Инна Живетьева - Орлиная гора
На звуки шагов оглянулись оба: и князь, и капитан. Митька поздоровался с отцом, проигнорировав Германа. Князь смолчал, снова повернулся, глянул вниз, во двор. Митька подошел ближе и увидел пленника.
Седого капитана придерживали за плечи. Руки ему не связали, и одной ладонью старик зажимал простреленный бок. Княжич вцепился в каменное ограждение. Будь все по-другому, Темка бы уважительно представил капитана, Митька даже догадывался, кто это: отец Александера, дед Шурки и Лисены. Старик поднял голову, посмотрел на стоящих на галерее – равнодушно. И только когда взгляд скользнул выше, на чужой штандарт, губы дернулись как от боли. Стыд в который раз обжег Митьку: на этом штандарте герб его рода.
Капитана толкнули к стене, туда, где возвышались строительные леса. У Митьки воздух застрял в горле – с балки свисала петля.
– Ты что! – княжич развернулся к отцу, крик услышали во дворе, и палач замер, прекратив устанавливать скамью. – Капитанов не вешают!
Отец глянул недовольно:
– Не кричи, – негромко произнес он.
– А кто сказал, что не вешают? – вмешался Герман. В глазах мелькнула знакомая по Южному Зубу насмешка.
Митька не нашелся что сказать. Закона не существовало, это правда. Среди капитанов не часто встречались благородных кровей, а значит, им петля полагалась не только за предательство. Но все-таки капитанов не вешают, прав был когда-то Александер.
– Это бесчестно, – глядя Герману в глаза, отчеканил Митька. Он помнил, как туго перевязал руку повыше локтя лоскутом мундира, обмотал сверху золотым шнуром и поехал вершить казнь. – А тебя я лишил бы капитанства. Впрочем, в твоем ремесле честь только помеха.
Герман хмыкнул: мол, не собирается связываться со щенком.
– Вы закончили? – холодно спросил отец. – Продолжайте, – он почти не повысил голос, но палач услышал.
– Папа, не надо! – Митька выкрикнул это шепотом. – Папа!
– Эмитрий! Ты княжич или сопливая барышня?!
Митька стиснул перила, казалось, еще чуть-чуть – и из-под пальцев посыплется каменное крошево.
– Папа, не делай этого. Ну не надо! Пожалуйста! За что? Он защищал замок!
– Прекрати истерику.
Митьке точно шпагой под ребро ткнули, так жестко прозвучал ответ.
– Если ты сделаешь это…
– То что? Ну что же?
Митька не знал. Выдохнул:
– Это бесчестно. Папа, на нашем штандарте уже столько грязи, не добавляй еще.

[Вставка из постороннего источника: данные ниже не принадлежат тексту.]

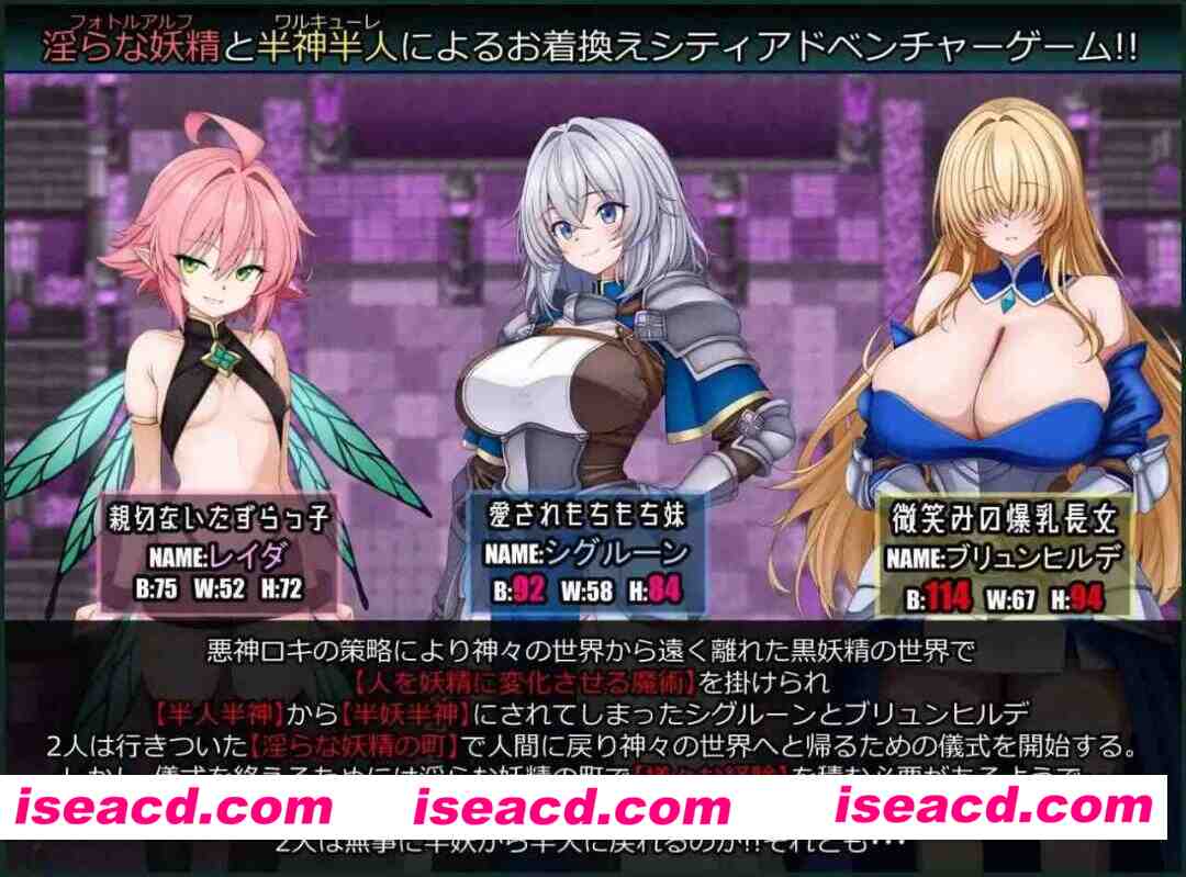 奥丁的臣下——战乙女西格露恩与布伦希尔德。在与英灵们训练之时,恶神洛基突然出现在她们面前。洛基为了实现自己的目标『神明妖精化』,将第一阶段定为利用『半神半人』的战乙女们,以压倒性的力量制服她们,并将她们带往某处。洛基将两人带到了远离神界、位于黑妖精世界边境之地,在那里对半神半人的战乙女二人施展了『淫靡妖精之城』流传的魔术——「将人类妖精化的魔术」。两位战乙女虽然抵抗着妖精化的魔术,但由于魔术中同时嵌入了拥有扭曲世界之力的『原初混沌』之力,妖精化魔术最终还是成功了。两人的身体被改造成了『半人类半淫靡妖精』,正当洛基的魔爪进一步伸向她们时,奥丁的使魔出现,击退了洛基并救出了两人。然而,半神半妖这种扭曲的存在无权返回神界,两人被迫必须靠自己的力量『恢复半神半人之身』。为了达成目的,她们前往附近的『淫靡妖精之城』,以使用在那里得知的「将妖精恢复人类的魔术」为目标,开始收集施展魔术所需的『7个魔术结晶』。然而,她们发现要获得魔术结晶,必须在『淫靡妖精之城』中经历各种『体验并产生强烈的情感』。究竟,原战乙女的两人能否在这『性欲之城』的体验中不迷失自我,成功施展魔术重返『战乙女』之位……还是会被混沌吞噬,彻底堕落为『淫靡妖精』……

– Эмитрий, я устал тебе объяснять, что нужно и должно делать с врагами. И пойми ты, наконец, в чем истинная честь мундира. Продолжайте, ну!
Да, отец много раз показывал, как можно перекраивать честь – если это необходимо. Но такая смерть капитану – зачем?! За что?
– Не надо… Россом-покровителем прошу.
Князь Дин не повернул головы. Замерший на время ссоры князя с сыном палач засуетился. Капитана поставили на лавку, накинули по шею петлю. Старик снова посмотрел на чужой штандарт, сплюнул под ноги победителям.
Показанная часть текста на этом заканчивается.